Their hands were no longer clean, nor their hearts youthfully light. They laughed and cried at different things now then they had before – found it both easier and harder to forgive. They had done and seen too much – the ash and death here would be but a small addition to their nightmares in the end. The fire and ice that haunted them would almost be inconsequential in the end.

And yet, they were at peace. War had taken its toll of them in blood and tears – a terrible tyrant – but still they _could_ smile and laugh. They could still lie down at night and sleep, they could rest from the demons hunting them. The tear tracks through the ash upon their face was as much from sorrow as relief; and in the end, they were content with their actions. They could live with their past.

It was done. For good or ill, all was finished. Whether the ground was made barren by darkness and disease and was sown with salt to finish the job, or whether it was left to possibly heal from the atrocities it had borne; the land was wrecked and deserted. And yet it was quiet. The blood that had long soaked the cloaks and hands of its inhabitants was finally at rest: justice was served.
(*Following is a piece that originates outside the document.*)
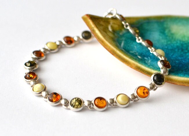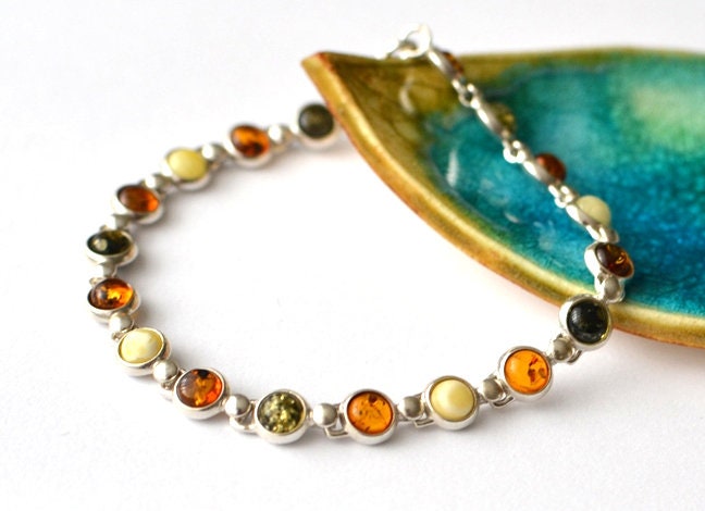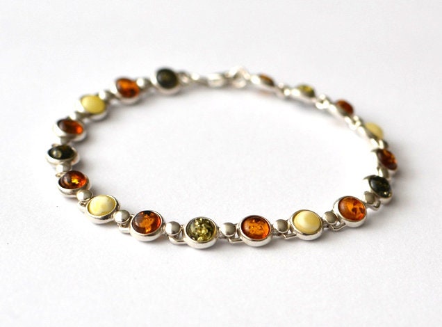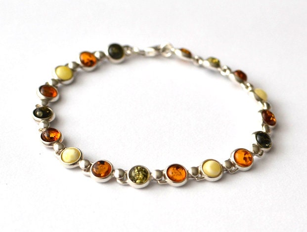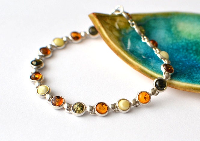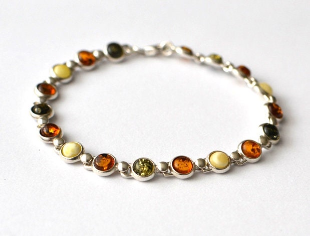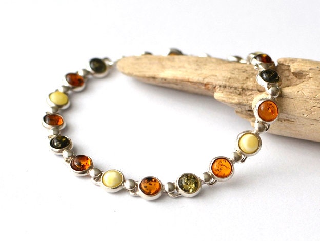 Amber Bracelet, silver link bracelet, Minimalist jewelry, dainty gemstone bracelet, chain bracelet, nature stone bracelet stone jewelry gift Exclusive natural Baltic Amber bracelet This particular bracelet is made of baltic stone and sterling silver (Ag 925) elements. Multicoloured stone link bracelet: honey, green and cognac stone in the drop shapes. Just simple elegant bracelet! Materials: 925 Sterling Silver & 100% Natural Baltic Amber Length of the barcelet: 19cm / 7,5" - fits wrist 18/19 cm - 7/7,5" Amber beads size about: 5mm (0,19") Net weight: 9.2 g Your bracelet will come carefully wrapped in an eco-friendly gift box. If you search for harmony, empowerment and originality offered by nature you must reach for the beautifully handcrafted stone pieces. If you like to see classical beauty of stone I encourage you to visit our gallery which carries innovative and unique pieces by these Polish artists who often incorporate other exciting elements in their raw and natural form. Please visit our gallery www.karuba.eu Thank you for visiting my shop: http://www.etsy.com/shop/KARUBA

The darker man's smile was bitterly free – tinged more with satisfaction than triumph. This task was completed, but for him the war was hardly over. The memories and consequences this place had wreaked upon him would hardly fall away with the giver's destruction – some scares were simply too deep for that. And yet, he still smiled as he looked around him. Not vindictively – but peacefully. There was no beauty to see now – not in the present – but there was safety. No more would the monsters here haunt his steps save as ghosts – things without power. He was free.

The younger man beside him was much lighter, and yet he had grown older as well. The destruction around him weighed more heavily upon his heart than it did the elder, but he knew that it was necessary. His task was here completed, and yet it had just begun. He worried for the future, for what waited still – but he was at peace. He wept for the ashes and death around him, and yet he laughed with the new freedom it signified for all.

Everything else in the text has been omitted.